The converter configuration proposed in [15] and already used in [16] has been used in this work in order to reduce the current harmonic content of the grid, so that the Total Harmonic Distortion (THD) index is decreased to below acceptable limits. It consists of a dc/dc buck-boost converter connected to the grid through a simple polarity changing inverter. The buck-boost converter operates in a high switching frequency, while the polarity swapping inverter operates in a low one (e.g., 50 Hz). Consequently, switching loses are limited to the switching operation of the semiconductor of the buck-boost converter, since the corresponding loses of inverter’s semiconductors are negligible. Thus, this topology operates more efficiently than the conventional ones. Therefore, the present work focuses primarily in the implementation of an active filter which compensates current harmonic distortion and thus enhances the power quality of the distribution system, based on this topology, either when this system is a microgrid or a conventional rigid distribution system. Moreover, unlike the majority of other similar proposals, this system compensates current harmonics regardless of the distortion location. Satisfactory harmonic reduction can be achieved either when the distortion source is located at the studied node or at any other node of the system.
The remaining of this paper is organized as follows: Section 2 describes the microgrid structure and configuration, the operation of all parts of the proposed active filter, as well as the cancellation method of the current high-order harmonics. Section 3 presents the simulation results in the MATLAB/SIMULINK platform along with some experimental results. Conclusions are drawn in Section 4.

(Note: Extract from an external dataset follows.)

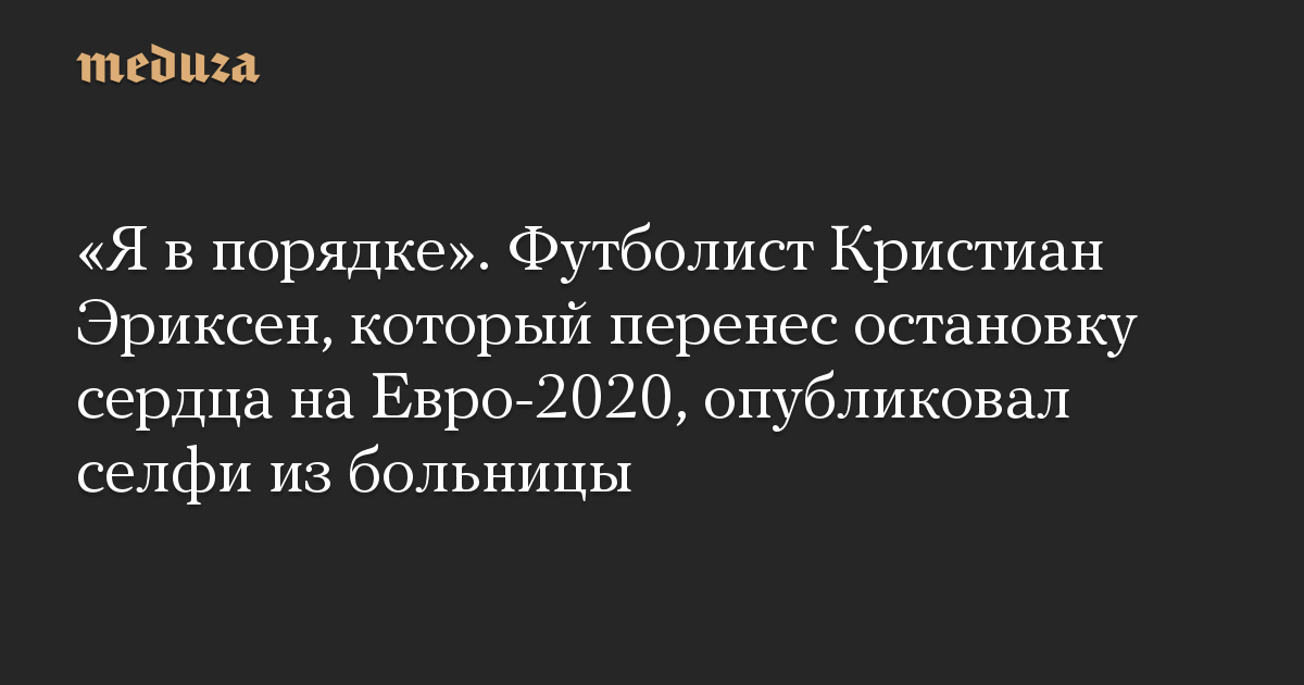 «Я в порядке». Футболист Кристиан Эриксен, который перенес остановку сердца на Евро-2020, опубликовал селфи из больницы

2. The Proposed Active Filter and the Studied Grid Configuration

In this section the topology and operation of the individual units of the proposed active filter and the microgrid structure are analyzed.

2.1. Topology and Operation of the Active Filter in the Studied System

The suggested active filter is connected to the Point of Common Coupling (PCC). The aim is to alleviate the already existing current high order harmonics in order to meet the Distribution and Utilization standards (IEEE519-92) [17]. These standards dictate that the percentage of the Total Harmonic Distortion (THD) in every node of the system and for every device which is connected to it should be less than 5%. Two cases where studied. Figure 1a,b shows the configuration of the studied system in these two studied cases.
Figure 1. (a) Configuration of the studied system in the first case; (b) Configuration of the studied system in the second case.
Figure 1. (a) Configuration of the studied system in the first case; (b) Configuration of the studied system in the second case.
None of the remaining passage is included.